- Ты с ума сошла!

- Мне всё рассказали. Мерзкие стихи. Я порву их. Я порву их! Пока я сплю, ты развратничаешь.

-С кем?

- В голове своей. На бумаге. Вспоминаешь прежних своих…

- Оставь, не рви стихи.

- Порвала. Вот.

- Я всё равно запомнил каждое слово.

- Ты не любишь меня совсем.

- Люблю, страстно люблю, Натали.

- Ещё кого-нибудь любил как меня?

- Нет. Никогда. Ты – единственная.

- Единственная? Врёшь?

- Нет. Правда.

- Ещё какая я? Говори. Я ушки подставлю.
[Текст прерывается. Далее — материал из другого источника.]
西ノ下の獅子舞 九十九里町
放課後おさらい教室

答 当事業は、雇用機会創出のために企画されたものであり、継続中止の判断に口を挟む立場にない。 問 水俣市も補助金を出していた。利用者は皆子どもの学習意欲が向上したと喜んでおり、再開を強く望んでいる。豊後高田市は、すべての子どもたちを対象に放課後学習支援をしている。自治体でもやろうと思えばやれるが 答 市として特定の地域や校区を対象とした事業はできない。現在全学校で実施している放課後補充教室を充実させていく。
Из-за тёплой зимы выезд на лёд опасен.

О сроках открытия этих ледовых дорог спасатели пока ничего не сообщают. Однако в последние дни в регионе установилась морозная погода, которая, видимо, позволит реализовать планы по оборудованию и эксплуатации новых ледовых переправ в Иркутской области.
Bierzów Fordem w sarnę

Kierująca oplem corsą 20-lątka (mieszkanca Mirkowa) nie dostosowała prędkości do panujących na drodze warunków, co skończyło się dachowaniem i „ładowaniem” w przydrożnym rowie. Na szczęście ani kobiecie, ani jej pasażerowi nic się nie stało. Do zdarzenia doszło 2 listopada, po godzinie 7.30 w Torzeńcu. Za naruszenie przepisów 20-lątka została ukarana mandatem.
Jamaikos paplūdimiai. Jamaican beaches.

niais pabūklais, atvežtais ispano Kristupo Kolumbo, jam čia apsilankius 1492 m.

Люблю слушать.

- Великолепная, божественная, неповторимая.

- Это ты уже вчера говорил. Придумай, что-нибудь новое. Ты же писатель! У тебя должен быть словарный запас ого-го!

- Нежнейшая, прелестнейшая.

- Фу, как банально! Выдохся  с утра на стихах. Ты очень холодный мужчина.  В стихах ты притворяешься. Но это для дураков.
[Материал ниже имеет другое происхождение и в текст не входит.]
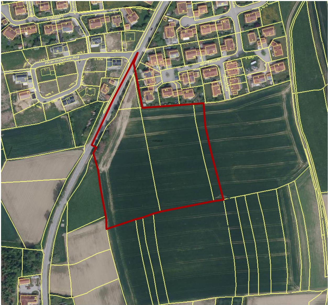
Luftbild mit dargestelltem Umgriff, ohne Maßstab
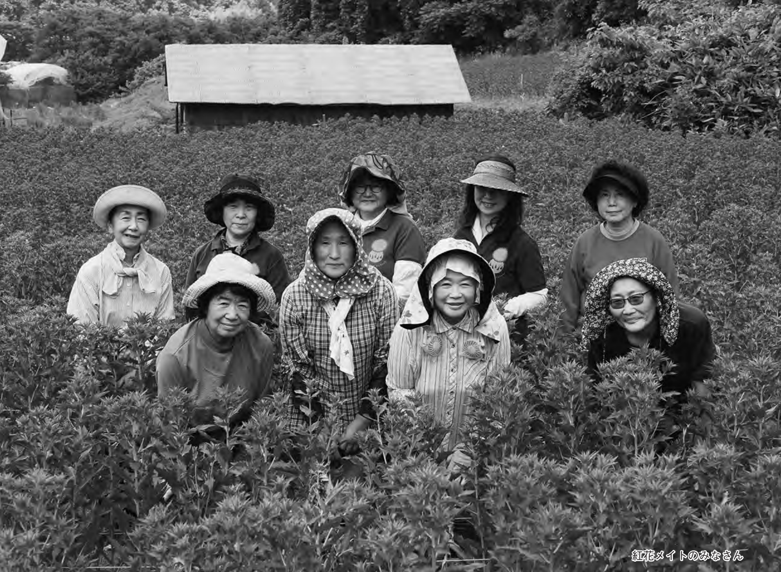
紅花マイトのみなさん
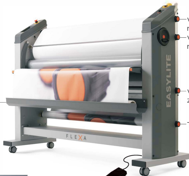
Watek nawijający z regulacją naprężenia
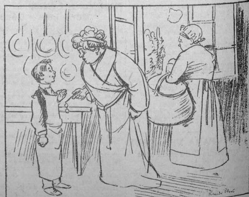
La señora: —Mira, muchacho, si la cocinera se muestra tacaña contigó, avísamelo. El pinche: —No pase cuidado la señora; sé defenderme bien de sus lacras fieras. En cuanto vuelve ella la espalda... le escupo platos.
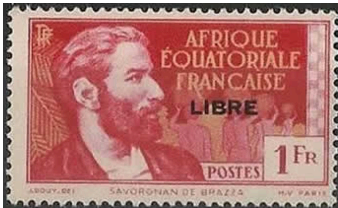
Afrique équatoriale française : timbre avec la surcharge "Libre" de 1940.

Dans ce contexte, la philatélie joue un rôle crucial. Dans chaque colonie qui se rallie à la France libre, des ordres sont donnés pour surcharger les timbres avec la mention « FRANCE LIBRE » . L'Afrique équatoriale française (AEF) ouvre la voie : un arrêté du gouverneur général, daté du 12 septembre 1940, stipule que les timbres-poste de l'AEF porteront, en surcharge, le mot « LIBRE » après « Afrique équatoriale française ». C'est ensuite le tour du Cameroun où le général Leclerc ordonne de surcharger les timbres « Cameroun français » et « 27-8-40 », date de la prise de contrôle par les Français libres.

- Перестань плакать, дорогая. Я люблю тебя нежно-нежно.

- Ты говоришь насильно, от ума, а не от сердца.

- Солнце моё, ангел небесный мой, душа моя, - целован Пушкин Натали.- Одуванчик, розочка моя.
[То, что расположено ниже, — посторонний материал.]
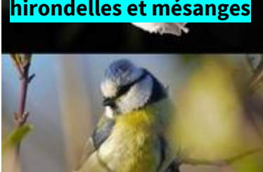
Nichoirs chauves-souris, hirondelles et mésanges
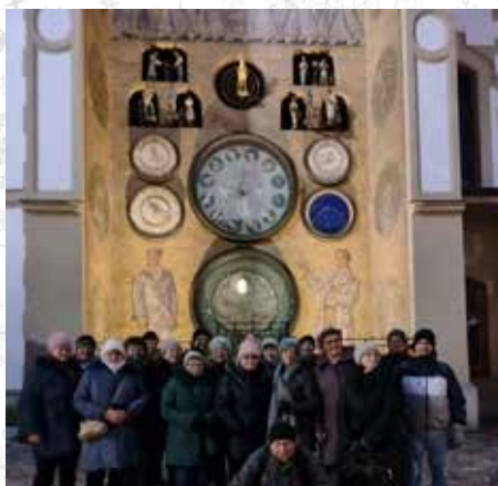
Jednym z zabytków Ołomuńca jest ratusz z zegarem astronomicznym, gdzie klubowiczki wykonały pamiątkowe zdjęcie...

Ołomuniec ma bogatą tradycję muzyczną i kościelną. Na obrzeżach miasta znajduje się morawska perła barokowej architektury i sztuki – sanktuarium Nawiedzenia Maryi Panny – Svaty Kopecek „Święta Górka”. Pobyt w tym miejscu był także w programie naszego wyjazdu. W mieście jest także Dolny i Górny Rynek, gdzie zorganizowany był wielki Jarmark Świąteczny, który był głównym celem naszego wyjazdu.
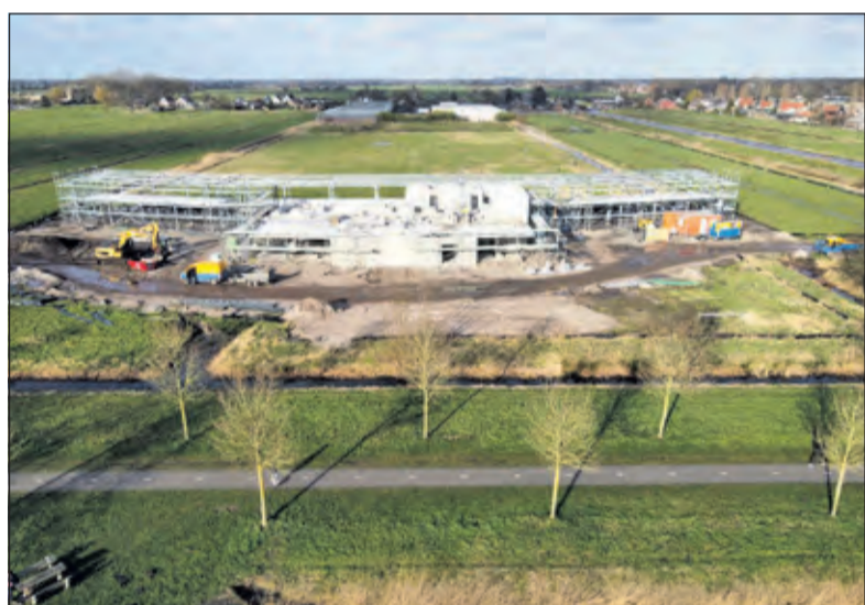
Er verrijst een groot gebouw in het Noorderpark.

Door de jl. woensdag gehouden gemeenteraadsverkiezingen is het huidige college in principe demissionair. Op de vraag of er überhaupt een beslissing te verwachten is van een demissionaire college is het antwoord van de wethouder kort en duidelijk: 'Ja, het college is hiervoor het bevoegde orgaan.
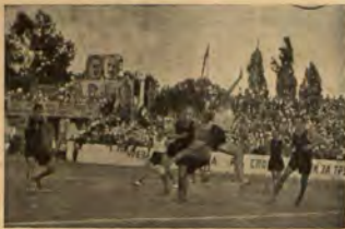
Интересен момент от играта „Шурм“

реч нупустне игрицето по каквато и да е причина. Отбор, останал с по-малко от 10 души не може да продължава играта и губи с 6:0. Ъгловият удар (корнер), аут, тач, дупса са заемствувания изцяло от футбола. Биенето им става, обаче, само с ръка.

Натали ласково поцеловала Пушкина в губы.

- Скоро бал в Зимнем дворце. Я хочу новое батистовое платье с рюшками, как у царицы Александры. Не на обручах, а как сейчас модно, на корсете из китового уса, только чуть расширенное в бедрах. Я видела такое в магазине Лагранжа. Нужно скорее, чтобы никто другой вперёд не купил.

- И сколько оно стоит?

- Рублей шестьсот. Недорого.

- Сколько?!

- Шестьсот.

- Да мои мужики в Михайловском два года должны работать на такое платье!

- Женился?

- Женился.

- Теперь содержи жену. Ты хочешь чтобы я была некрасивая? Хуже всех?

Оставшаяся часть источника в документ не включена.